Changing trends in Life Insurance – Rise of Digital
- Pradeep Pandey, Chief Marketing Officer
Internet usage in India is presently at 350 mn which translates to approx. 30% of the population. China has a penetration of 48% and US at 84%; however, India is adding users at a furious pace with an addition of 60 lakh new users or in other words 2 lakh new internet users every day.
India will follow China in terms of digital adoption as both countries share a similar social and demographic behaviour. China’s e-commerce today stands at $675 bn which is 30 times India’s e-commerce market. This gap is the real potential we are talking about and the next 10 years will really catapult India into the world’s second largest digital economy.
Life insurance was always considered a “push” category and the possibility of a consumer seeking insurance on his/her own without any “human push” was unthinkable until a few years back. The conventional mode of personal sales through a physical channel is still predominant and will continue to be so at least for the next 15-20 years. However, it is interesting to note the shift and adoption of online channels such as aggregators or companies selling directly.
Size of the Indian online insurance market would be approx. Rs 2000 cr. with life insurance contributing to 40% of this. While non-life was the harbinger of online sales, awareness of pure protection products like Term Plans made consumers buy directly online. In recent years, ULIPs (unit linked insurance plans) have picked steam and consumers find it more prudent to buy these products online. Some of the factors which favour Direct-to-Consumer (through online channels) are:
WYSWYG – What You See is What You Get. Companies are making it easier for consumers to understand what they are buying and get a fair understanding of the product before investing. However, we still have to go a far distance in terms of making a world-class cutting edge user experience and interface.
There is always the “good deal” expectation from e-commerce and it is no different when it comes to insurance. The prices of online products are cheaper than offline products, though one would expect some resetting of pricing in the near term to make the channel viable for the industry.
There are variations and different combinations which the industry is making for consumers to buy. Today, there is a good variety of offerings which a consumer can select from at the click of a button. Companies which innovate constantly on products as well as service delivery are the ones which will win in this game.
Online channel also has very good persistency which helps companies offer lower prices. Persistency is one of the key parameters which define profitability for insurance companies and any model which delivers on this is a great asset for the industry.

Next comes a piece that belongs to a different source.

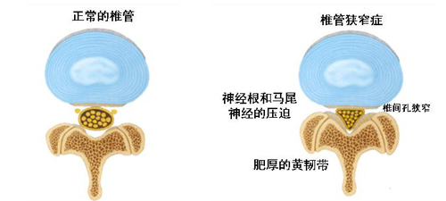 黄韧带肥厚的最终结果是造成椎管狭窄,特别是侧隐窝引起始部的狭窄,导致马尾神经受压及神经根压迫症状。退变肥厚的黄韧带弹力纤维减少,胶原纤维代偿性增多,纤维排列紊乱,并出现较明显的变性及钙化;而胶原含量显著增高,是黄韧带肥厚的主要原因。

Digital also has a role to play in helping consumers understand the product and take an informed decision which is customised and unique to their lifestyle. Tablet based financial planning and subsequent recommendation of products is an example of this. It has been observed that people who buy offline, research the products online, which is popularly called the ROBO (Research Online Buy Offline).
With the number of smartphone users in India currently at 250 mn and projected to go up to 700 mn in the next 3 years, digital is definitely on the rise. Consumers are going digital, and companies who understand this changing landscape and keep pace with consumers of tomorrow will win.